Natalia Leite (born October 14, 1983) is a Brazilian writer and director.  She is best known for directing the indie hit film M.F.A., a feminist rape-revenge thriller that spurred debates at the start of the #MeToo movement. The film premiered at SXSW in 2017 where it was nominated for a Grand Jury Award and subsequently written about in The New York Times, CNN, and other outlets. Her feature film debut Bare premiered at the Tribeca Film Festival in 2015  and was released in US theaters by IFC and by Paramount Pictures. Leite is also a frequent contributor to Vice Media and is known to incorporate her documentary subjects into her scripted films. Her work has been described as having “a bracing, assertive style” (Variety) and as “cementing the reign over highly stylized, sexually progressive dramas” (Slant).

Early life

Leite was born and raised in São Paulo, Brazil. She later studied at the San Francisco Art Institute.
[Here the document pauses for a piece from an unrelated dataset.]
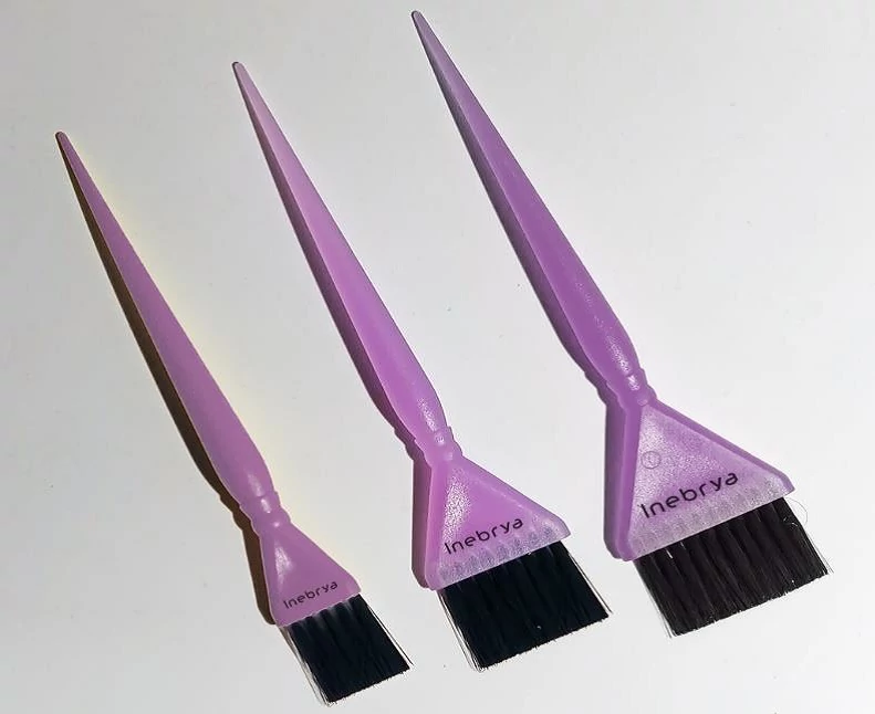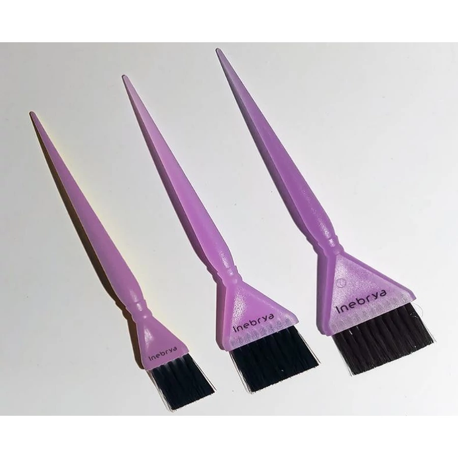 - A szett három különböző méretben tartalmaz lila Inebrya hajfestő ecsetet: keskeny, közepes és széles hajfestő ecset

Leite began her career showcasing drawings, photography, and performance art films in galleries. In 2006, she moved to New York City where she started writing, directing, acting and producing her own micro-budget short films.  From these early works she was able to raise financing for her first feature film.

Career

Leite has directed feature films as well as documentaries. In her unscripted show for Vice Media, Every Woman, she lived and worked as a stripper in a truck-stop in New Mexico, which she discovered while location scouting for Bare. She went on to create a pilot for a Vice TV series with a similar concept in which she would immerse herself in different female-centric worlds as a form of first-person investigative journalism.

Her directorial debut, Bare, stars Dianna Agron, Paz de la Huerta, Chris Zylka, and Louisa Krause. Bare premiered at the Tribeca Film Festival in 2015 to positive reviews and was bought shortly after by IFC for domestic theatrical distribution and by Myriad Pictures for international.  Upon its premiere, Film Journal wrote "An award-winning director, Leite's portrait of Sarah's quest for identity is riveting for its storytelling and its direction." The Los Angeles Times wrote "Director Natalia Leite brings an emotional intelligence and sensitivity to Bare."

Leite's second feature film M.F.A. is a psychological thriller centered around rape crimes in a university and one art student who seeks revenge. The film premiered at SXSW in March 2017 to positive reviews and was nominated for a Grand Jury Award. It stars Francesca Eastwood, Clifton Collins Jr., and Peter Vack. The film has been described as a "David Fincher-style thriller," "bravely tackling the dark side of empowerment," and as "an angry as hell piece of pulpy and politicized pop cinema."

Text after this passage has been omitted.